- To do:
With the images removed, write out every line below exactly.
Data section START
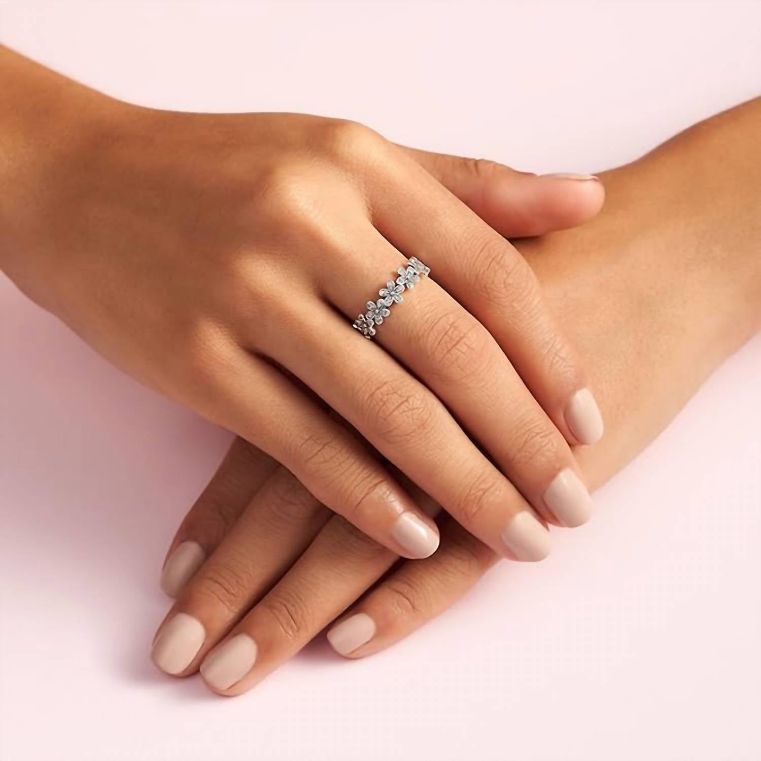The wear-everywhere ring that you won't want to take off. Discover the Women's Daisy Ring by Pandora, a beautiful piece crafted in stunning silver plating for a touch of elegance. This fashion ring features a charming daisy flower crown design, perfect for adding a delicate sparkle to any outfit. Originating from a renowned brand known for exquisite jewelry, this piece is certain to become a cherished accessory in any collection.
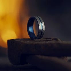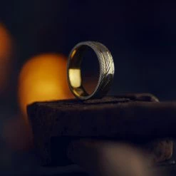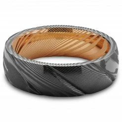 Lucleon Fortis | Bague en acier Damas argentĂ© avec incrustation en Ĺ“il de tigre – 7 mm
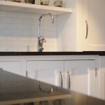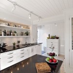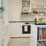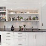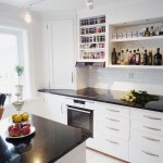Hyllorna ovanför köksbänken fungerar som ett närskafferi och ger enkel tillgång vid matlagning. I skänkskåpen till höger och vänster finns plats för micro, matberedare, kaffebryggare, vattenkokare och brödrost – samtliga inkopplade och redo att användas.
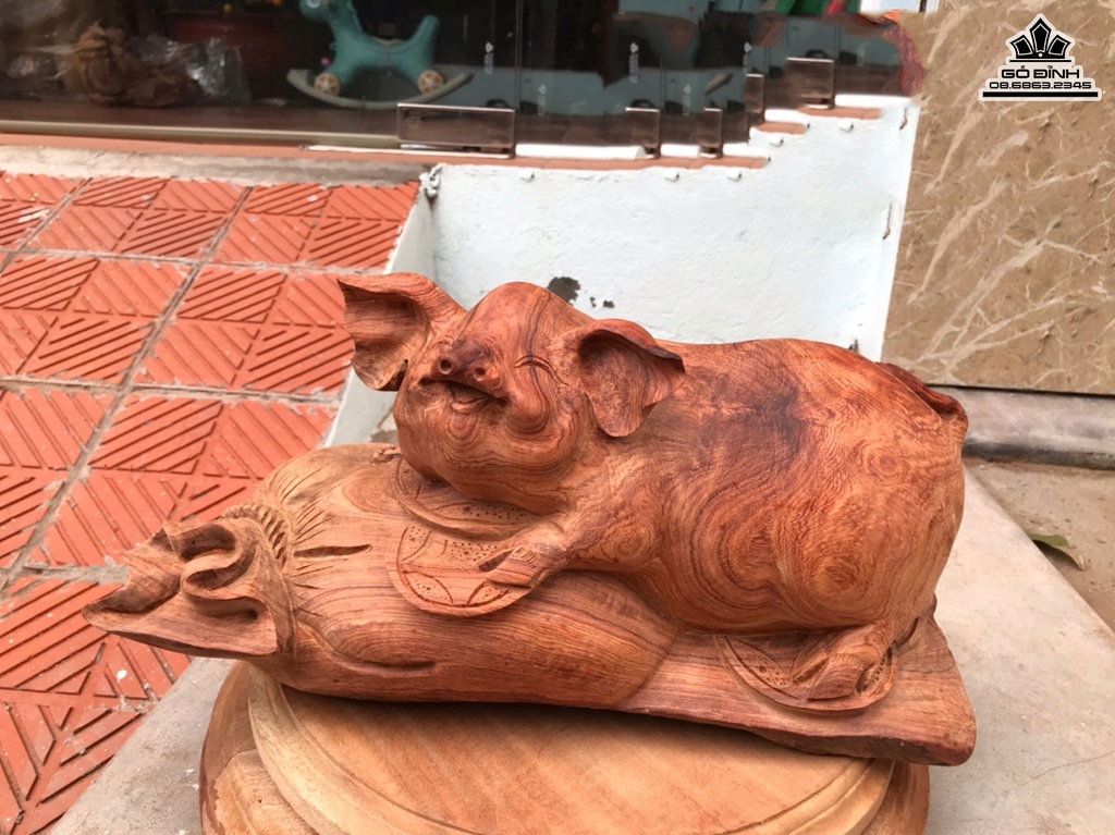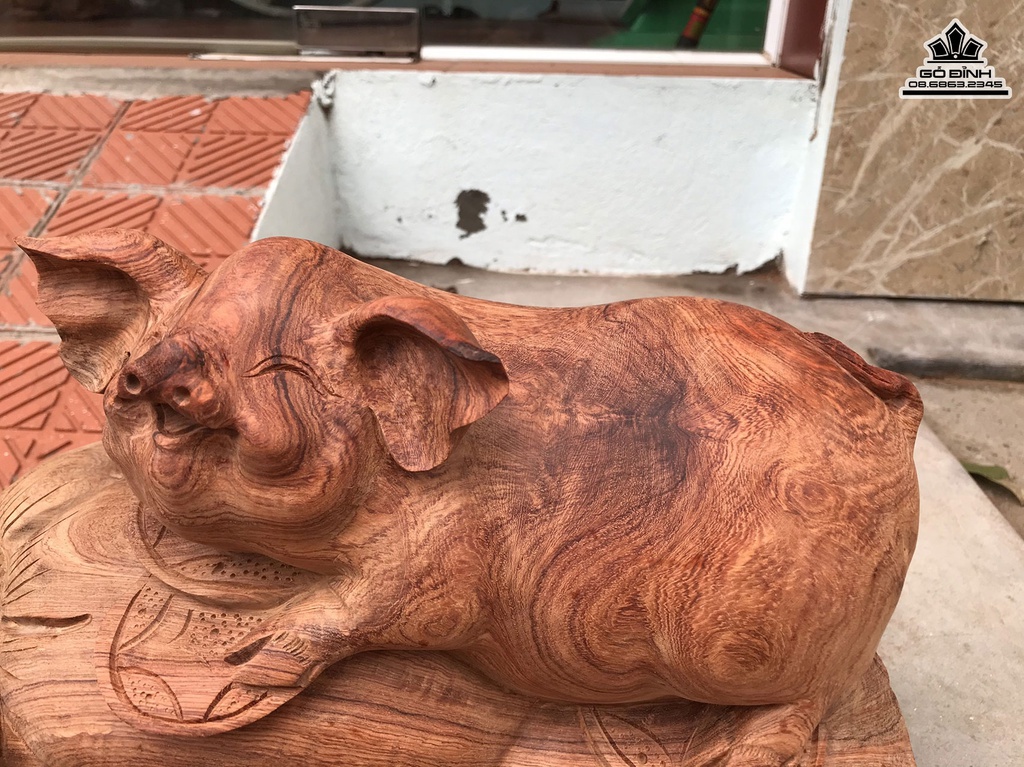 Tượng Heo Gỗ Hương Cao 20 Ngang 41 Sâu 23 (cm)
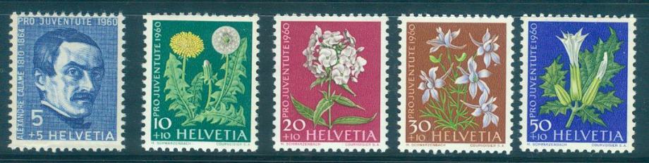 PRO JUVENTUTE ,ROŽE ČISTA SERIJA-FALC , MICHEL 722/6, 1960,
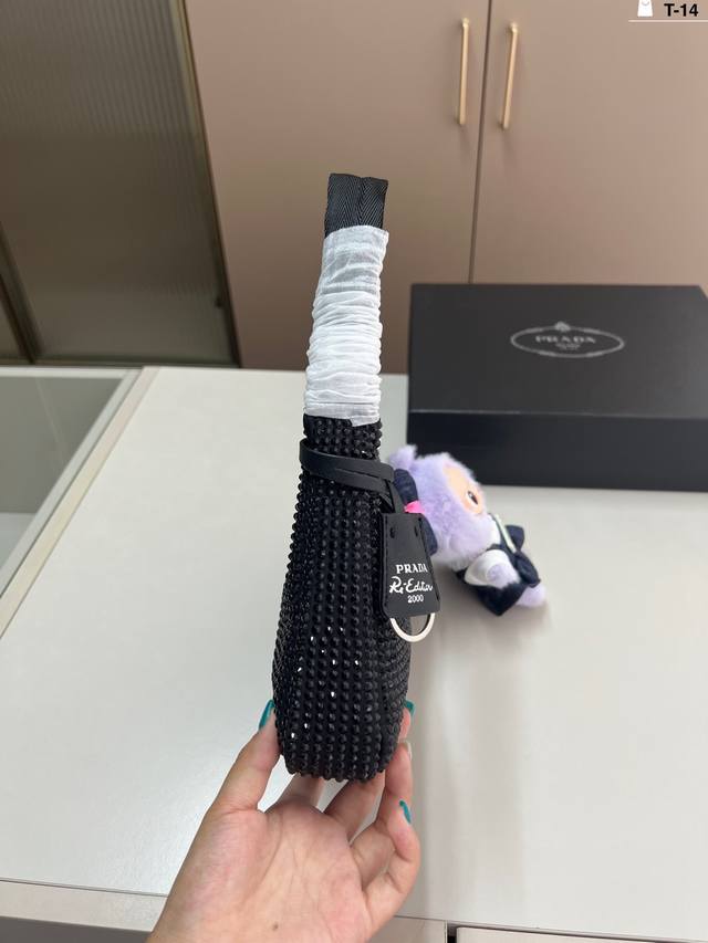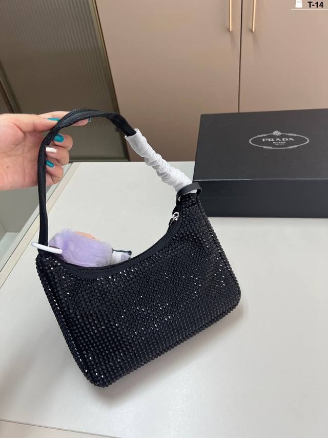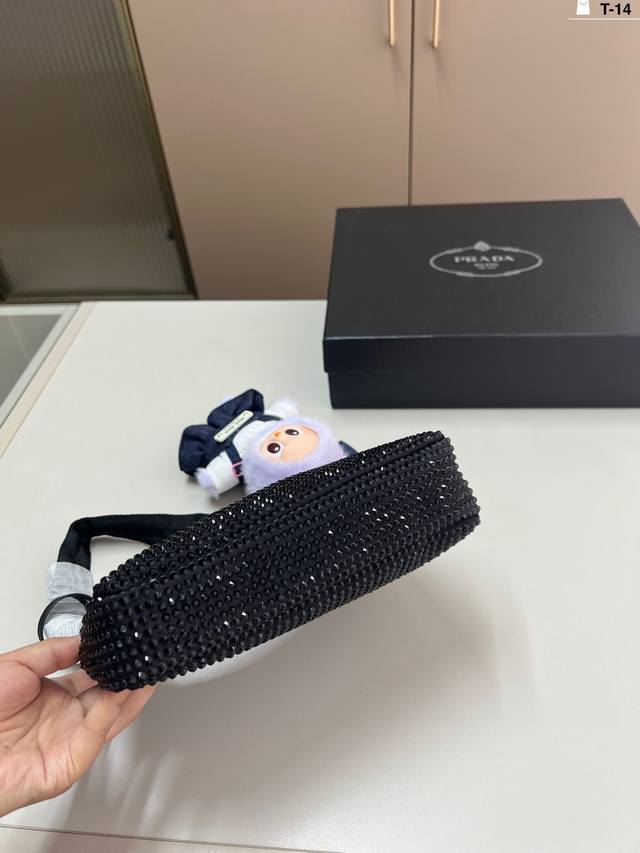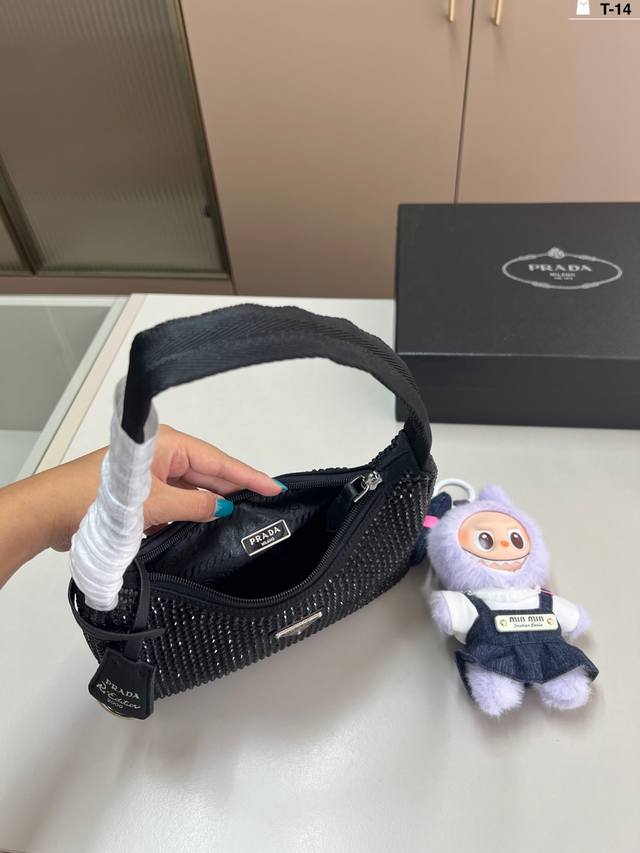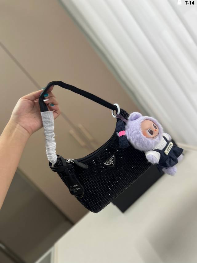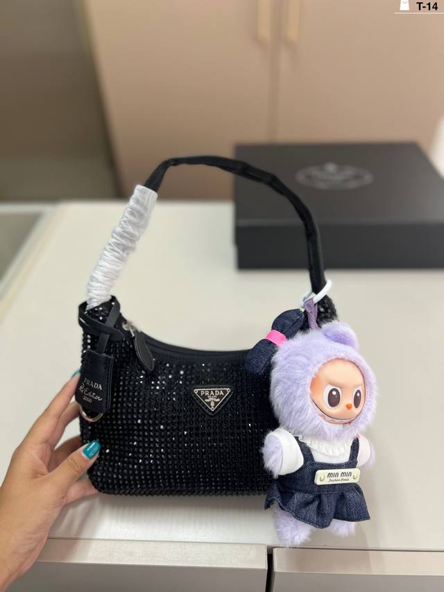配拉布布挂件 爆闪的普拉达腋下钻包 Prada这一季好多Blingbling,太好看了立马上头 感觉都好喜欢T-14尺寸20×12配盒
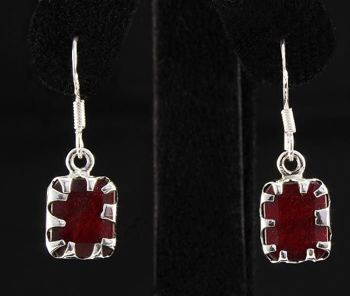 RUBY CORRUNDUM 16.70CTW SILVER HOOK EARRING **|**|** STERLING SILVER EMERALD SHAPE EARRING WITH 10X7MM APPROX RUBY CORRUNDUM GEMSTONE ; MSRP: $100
Data section END
- Answer area:
The wear-everywhere ring that you won't want to take off. Discover the Women's Daisy Ring by Pandora, a beautiful piece crafted in stunning silver plating for a touch of elegance. This fashion ring features a charming daisy flower crown design, perfect for adding a delicate sparkle to any outfit. Originating from a renowned brand known for exquisite jewelry, this piece is certain to become a cherished accessory in any collection.
 Lucleon Fortis | Bague en acier Damas argentĂ© avec incrustation en Ĺ“il de tigre – 7 mm
Hyllorna ovanför köksbänken fungerar som ett närskafferi och ger enkel tillgång vid matlagning. I skänkskåpen till höger och vänster finns plats för micro, matberedare, kaffebryggare, vattenkokare och brödrost – samtliga inkopplade och redo att användas.
 Tượng Heo Gỗ Hương Cao 20 Ngang 41 Sâu 23 (cm)
 PRO JUVENTUTE ,ROŽE ČISTA SERIJA-FALC , MICHEL 722/6, 1960,
配拉布布挂件 爆闪的普拉达腋下钻包 Prada这一季好多Blingbling,太好看了立马上头 感觉都好喜欢T-14尺寸20×12配盒
 RUBY CORRUNDUM 16.70CTW SILVER HOOK EARRING **|**|** STERLING SILVER EMERALD SHAPE EARRING WITH 10X7MM APPROX RUBY CORRUNDUM GEMSTONE ; MSRP: $100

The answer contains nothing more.